#### ABOUT THIS TASK:
What you return should be every line below, word for word, and none of the images.

#### RECORDS PROVIDED:
╔══

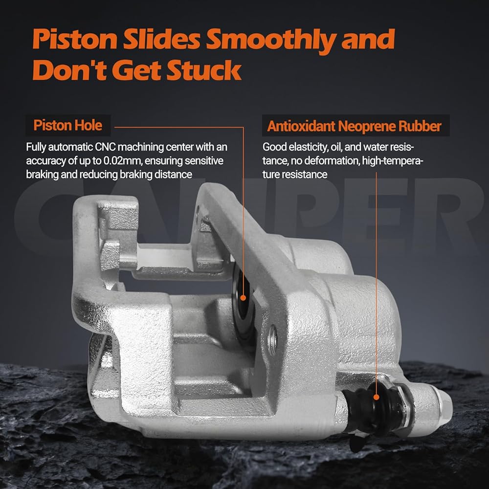 [Brake Caliper Material]: The brake caliper is made of the same ductile iron as Original Equipment parts, it does not deform under high temperatures and can prevent deformation and breakage during sudden braking, so it has a long service life.
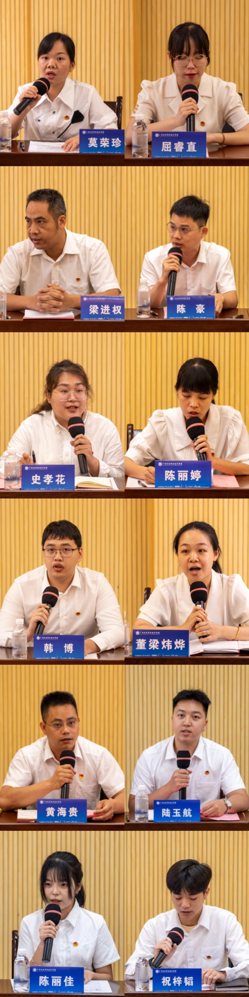 座谈会上,校团委书记韦世友以“围绕中心 服务大局 动员引领广大团员青年在促进学校高质量发展中挺膺担当”为题,对万象城官网共青团工作进行了总结与展望。全国技术能手、汽车工程学院副院长莫荣珍、全国高职高专院校思想政治理论课“萌新磨课”特等奖获得者屈睿直、驻村第一书记梁进权、陈豪、世界职业院校技能大赛总决赛争夺赛金奖获得者韩博、“00后话百年”宣讲团成员陈丽佳、广西优秀共青团员陆玉航、“全国青年文明号”电子科技协会会长祝梓韬以及各二级学院团委书记、杰出青年团员代表分别围绕立德树人、教育教学、科技创新、成长成才、服务地方等主题,结合自身成长经历畅谈青春理想共话青年担当。大家纷纷表示,要以习近平总书记重要讲话和重要回信精神为指引,努力成长为有理想、敢担当、能吃苦、肯奋斗的新时代好青年,为中国式现代化挺膺担当,在实现第二个百年奋斗目标的宏阔征程中书写壮丽的青春篇章。
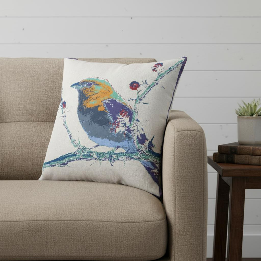 Give your living space a touch of nature with this alluring Blue White Robin Suede Throw Pillow that features an artistic pattern to make a statement in the room. Showcasing a colorful robin in shades of blue, purple, yellow, and green, perched atop a blue-toned branch on a white background, this pillow is bound to draw the eyes and induce a cheerful atmosphere in your modern or bohemian home. Crafted with high-quality suede fabric, this eco-friendly pillow gives off a luxurious appearance with a silky-smooth finish while ensuring long-lasting durability. This blown and closed pillow features high-quality poly fill insert ensuring only the softest and cuddliest experience whilst also being easy to clean. Add a sense of warmth and color to your living room with this artful throw pillow on the sofa or couch. 18” x 18” x 5”
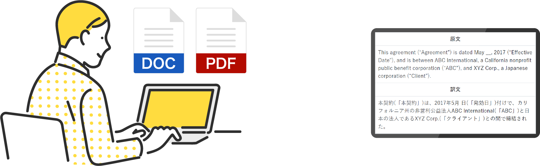 契約書1枚(A4、1ページあたり約300単語)なら約600円!コストを10分の1に抑えます。
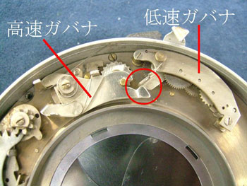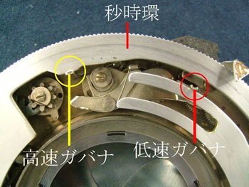 高速秒時の場合には低速ガバナが作用しないよう、秒時環に刻まれたカムで押さえられています。同じようにカムに沿って高速ガバナの作用時間を制御しているのです。
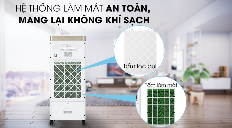 - Tấm lưới chắn bụi, lọc không khí: Được đặt ở các mặt bên và sau của quạt, giúp lọc bụi bẩn trong không khí trước khi đi vào tấm làm mát.
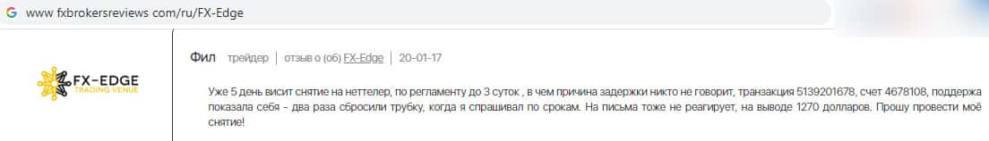 На изображении, расположенном ниже подробно расписан случай предположительного кидалова на деньги своего трейдера брокером ФХ-ЭДЖ. Мужчина поведал, что совершил заявку на вывод со счета 1270 долларов. Но заявка висит, а служба поддержки сбрасывает все его звонки и не реагирует никаким образом. Видимо, возврат денег маловероятен.
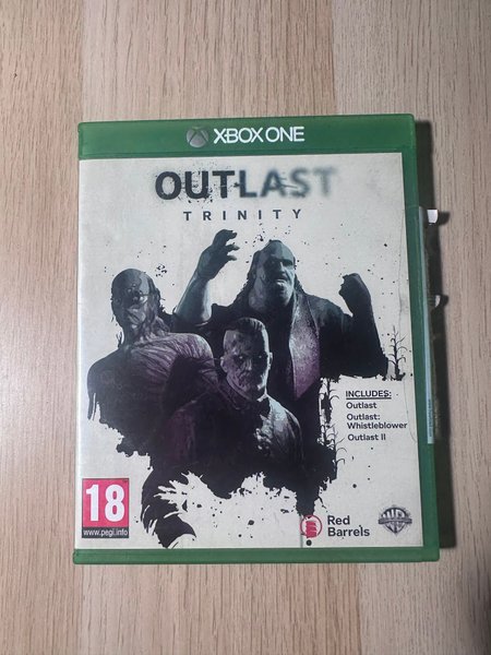 Outlast Trinity till Xbox One. Spelet inkluderar Outlast, Outlast: Whistleblower och Outlast II.
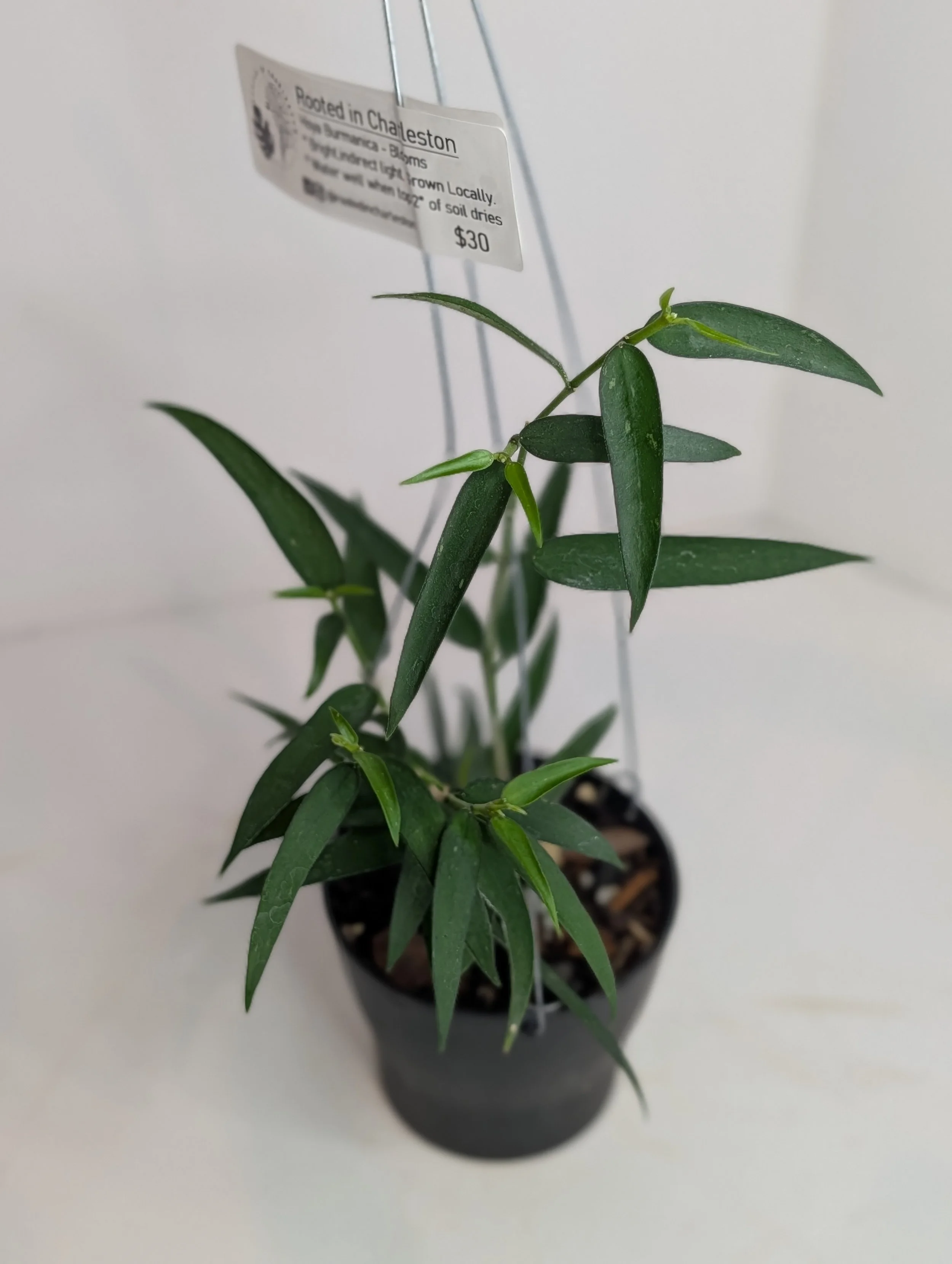 Image 1 of 3 Image 2 of 3 Image 3 of 3 Hoya Burmanica $30.00 Bright, indirect light.Water well when the soil is halfway dry. Non-toxic to pets.Grown Locally. Blooms. Add To Cart Added! Bright, indirect light.Water well when the soil is halfway dry. Non-toxic to pets.Grown Locally. Blooms.

╚══

#### RESULT FOR THIS TASK:
 [Brake Caliper Material]: The brake caliper is made of the same ductile iron as Original Equipment parts, it does not deform under high temperatures and can prevent deformation and breakage during sudden braking, so it has a long service life.
 座谈会上,校团委书记韦世友以“围绕中心 服务大局 动员引领广大团员青年在促进学校高质量发展中挺膺担当”为题,对万象城官网共青团工作进行了总结与展望。全国技术能手、汽车工程学院副院长莫荣珍、全国高职高专院校思想政治理论课“萌新磨课”特等奖获得者屈睿直、驻村第一书记梁进权、陈豪、世界职业院校技能大赛总决赛争夺赛金奖获得者韩博、“00后话百年”宣讲团成员陈丽佳、广西优秀共青团员陆玉航、“全国青年文明号”电子科技协会会长祝梓韬以及各二级学院团委书记、杰出青年团员代表分别围绕立德树人、教育教学、科技创新、成长成才、服务地方等主题,结合自身成长经历畅谈青春理想共话青年担当。大家纷纷表示,要以习近平总书记重要讲话和重要回信精神为指引,努力成长为有理想、敢担当、能吃苦、肯奋斗的新时代好青年,为中国式现代化挺膺担当,在实现第二个百年奋斗目标的宏阔征程中书写壮丽的青春篇章。
 Give your living space a touch of nature with this alluring Blue White Robin Suede Throw Pillow that features an artistic pattern to make a statement in the room. Showcasing a colorful robin in shades of blue, purple, yellow, and green, perched atop a blue-toned branch on a white background, this pillow is bound to draw the eyes and induce a cheerful atmosphere in your modern or bohemian home. Crafted with high-quality suede fabric, this eco-friendly pillow gives off a luxurious appearance with a silky-smooth finish while ensuring long-lasting durability. This blown and closed pillow features high-quality poly fill insert ensuring only the softest and cuddliest experience whilst also being easy to clean. Add a sense of warmth and color to your living room with this artful throw pillow on the sofa or couch. 18” x 18” x 5”
 契約書1枚(A4、1ページあたり約300単語)なら約600円!コストを10分の1に抑えます。
 高速秒時の場合には低速ガバナが作用しないよう、秒時環に刻まれたカムで押さえられています。同じようにカムに沿って高速ガバナの作用時間を制御しているのです。
 - Tấm lưới chắn bụi, lọc không khí: Được đặt ở các mặt bên và sau của quạt, giúp lọc bụi bẩn trong không khí trước khi đi vào tấm làm mát.
 На изображении, расположенном ниже подробно расписан случай предположительного кидалова на деньги своего трейдера брокером ФХ-ЭДЖ. Мужчина поведал, что совершил заявку на вывод со счета 1270 долларов. Но заявка висит, а служба поддержки сбрасывает все его звонки и не реагирует никаким образом. Видимо, возврат денег маловероятен.
 Outlast Trinity till Xbox One. Spelet inkluderar Outlast, Outlast: Whistleblower och Outlast II.
 Image 1 of 3 Image 2 of 3 Image 3 of 3 Hoya Burmanica $30.00 Bright, indirect light.Water well when the soil is halfway dry. Non-toxic to pets.Grown Locally. Blooms. Add To Cart Added! Bright, indirect light.Water well when the soil is halfway dry. Non-toxic to pets.Grown Locally. Blooms.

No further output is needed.